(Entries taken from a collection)
BEGIN

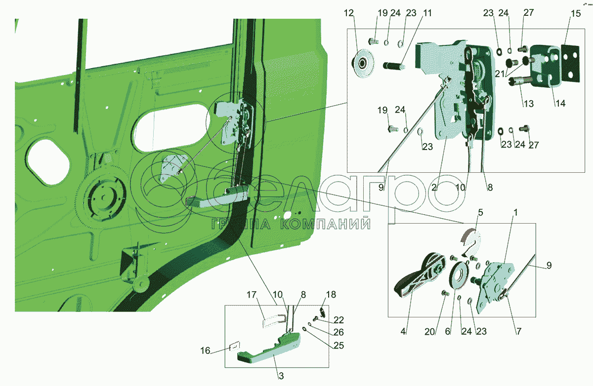 Каталог запасных частей к технике: МАЗ-437040 (Зубренок). Установка наружной ручки и замка двери
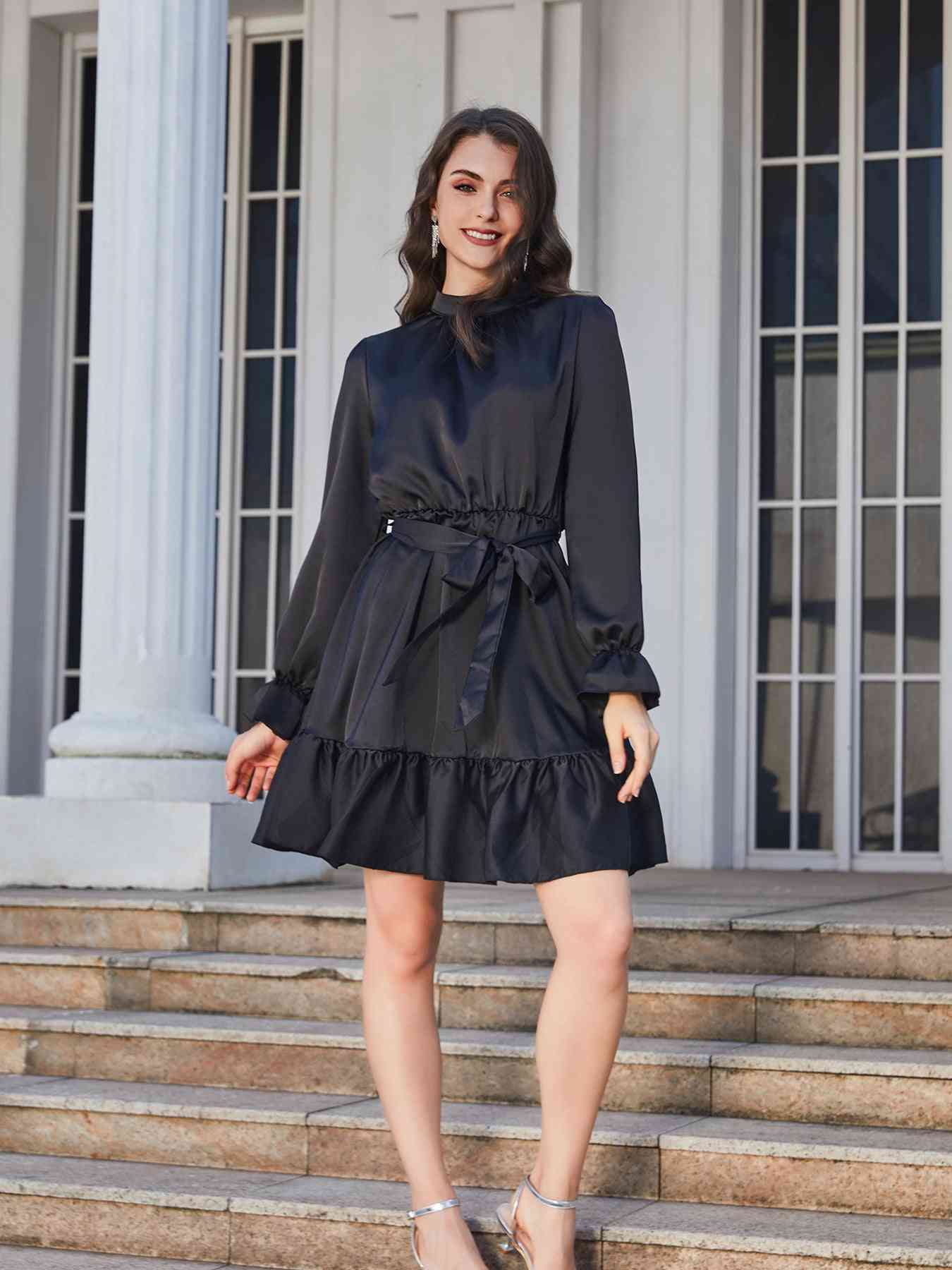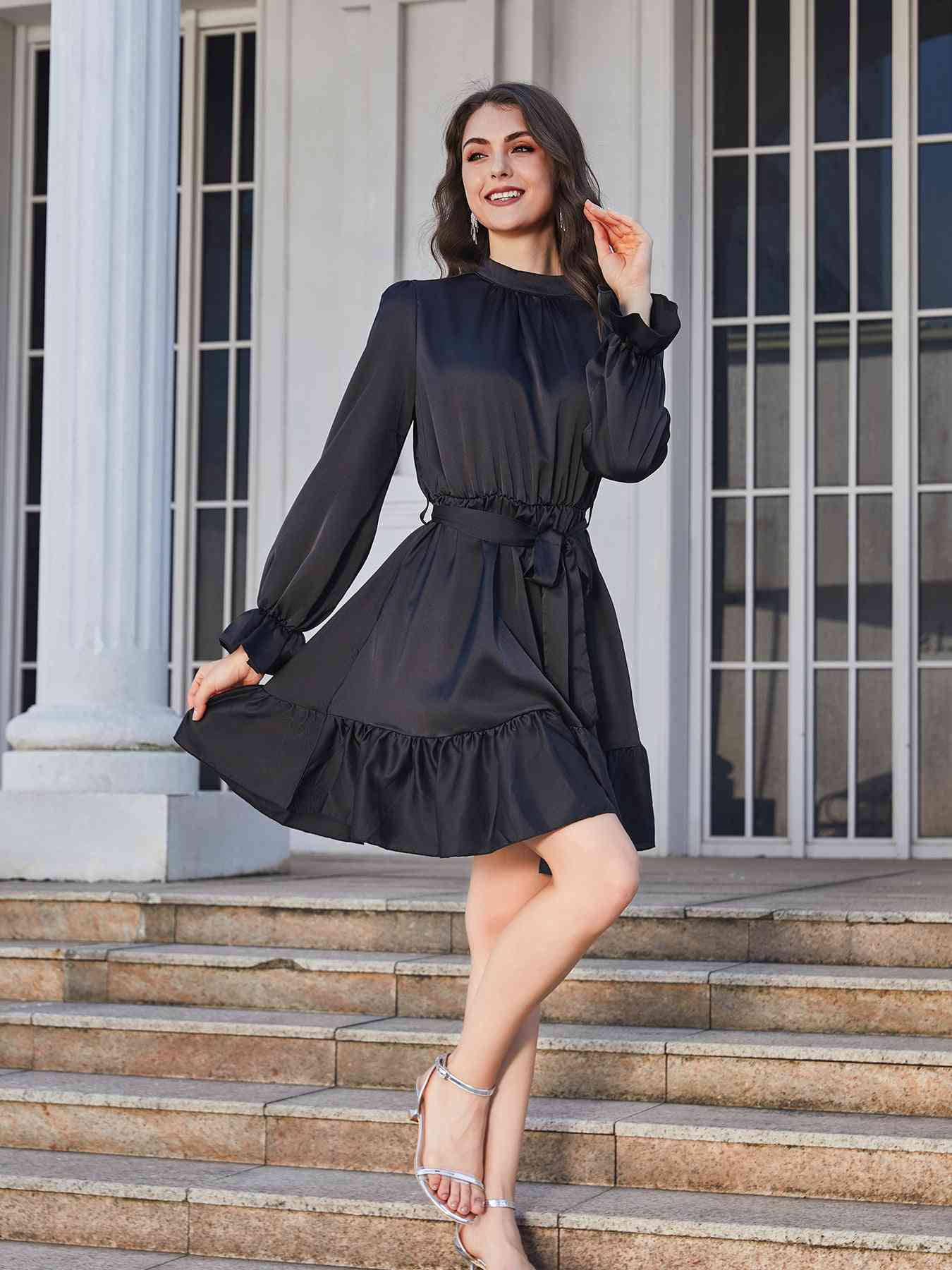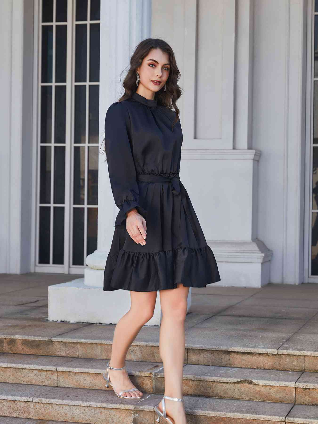 Ruffle Hem Tie Belt Mock Neck Knee Length Dress
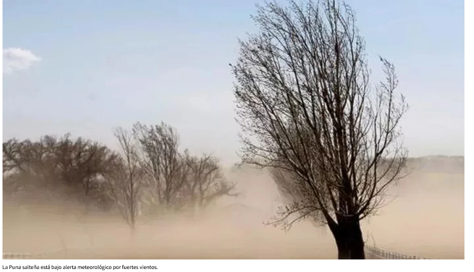 El Servicio Meteorológico Nacional (SMN) emitió una alerta amarilla por fuertes vientos en la región de la Puna de San Carlos y la Puna de Cafayate. Las ráfagas podrían superar los 100 kilómetros por
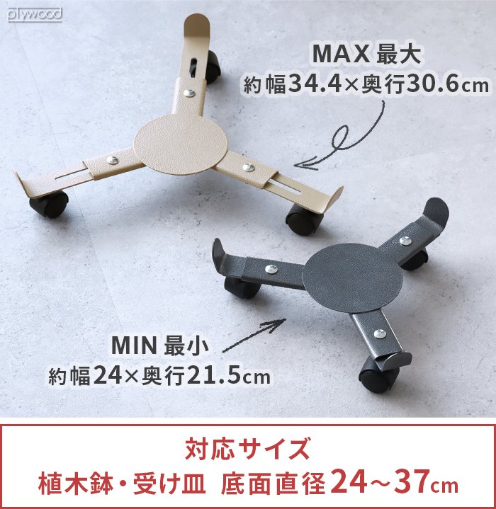 | キャスター付き(ストッパー無し) プランターのサイズに合わせてアジャスターでサイズ調整可能。金具でしっかり固定してください。(工具不要) |
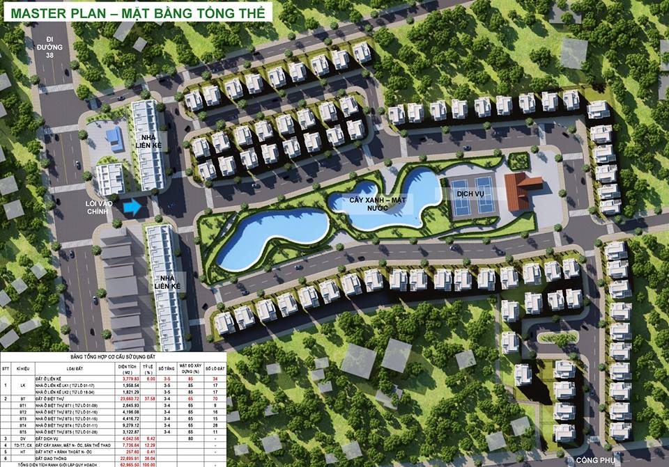 - Đất cây xanh, mặt nước, thể thao: 7,736.64m2
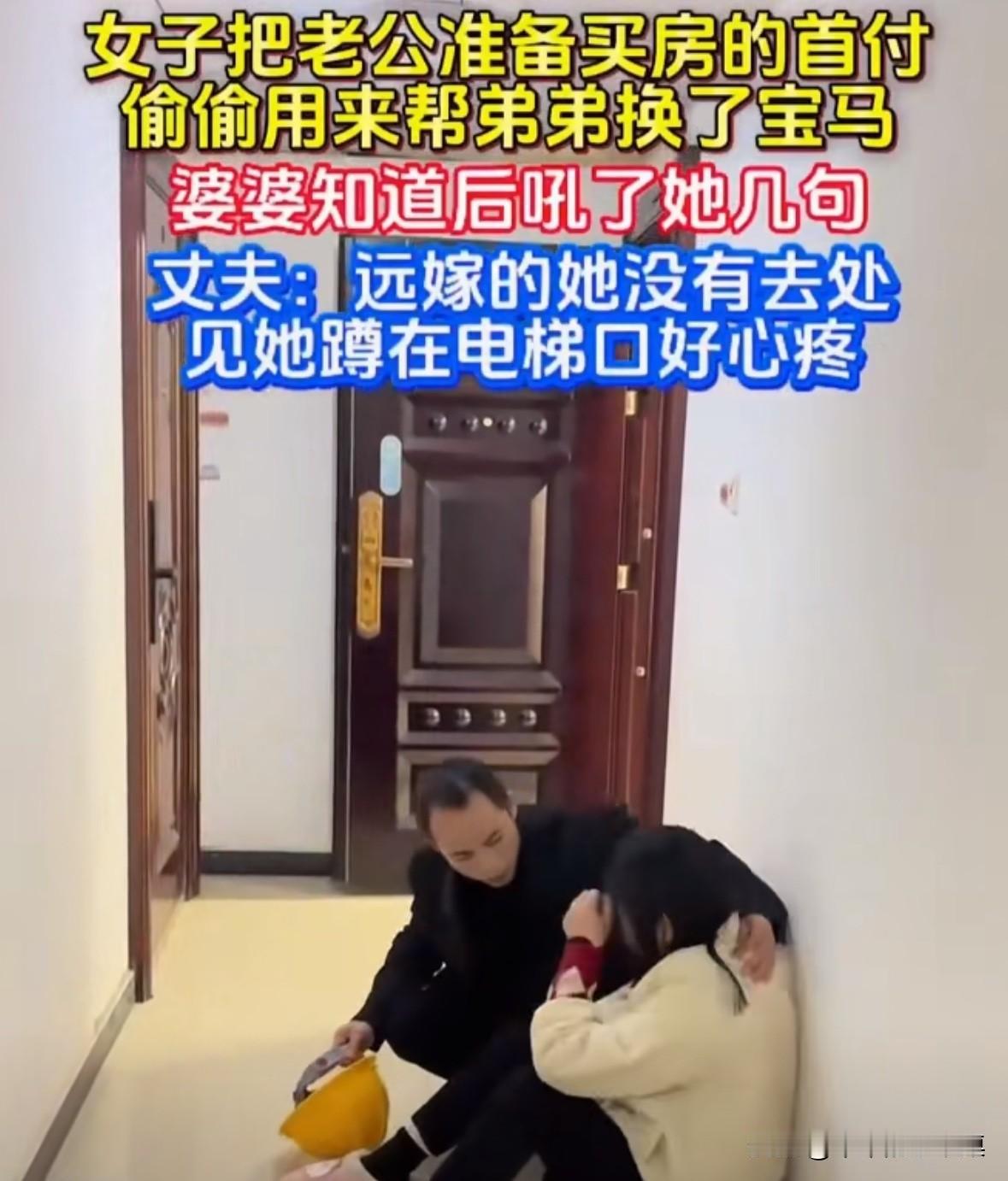 女子把丈夫攒的钱,全部拿给弟弟买宝马了! 公婆知道后非常生气,于是训斥了女子几句! 女子觉得非常委屈,后悔自己远嫁,认为帮弟弟是应该的! 丈夫回到家后,看到妻子自己躲在门口,知道详细情况后,也没有恶言相向,只是把妻子拦在怀里安慰她! 这些钱原本是丈夫想买房子付首付的钱,现在都没了。 这样的“伏地魔”还要她干什么!真把你弟当儿子养了,你怎么没想过你老公不容易啊,你想过你老公攒这些钱有多不容易吗。 你老公是真的爱你,如果换个人肯定就火冒三丈了,希望你好好对他。伏弟魔

END

• Assignment
Using the data above, retype exactly and only the lines from the one containing "Ruffle Hem Tie" up to and including the one containing "- Đất cây xanh, mặt", with no pictures carried over.

• Answer to the problem
 Ruffle Hem Tie Belt Mock Neck Knee Length Dress
 El Servicio Meteorológico Nacional (SMN) emitió una alerta amarilla por fuertes vientos en la región de la Puna de San Carlos y la Puna de Cafayate. Las ráfagas podrían superar los 100 kilómetros por
 | キャスター付き(ストッパー無し) プランターのサイズに合わせてアジャスターでサイズ調整可能。金具でしっかり固定してください。(工具不要) |
 - Đất cây xanh, mặt nước, thể thao: 7,736.64m2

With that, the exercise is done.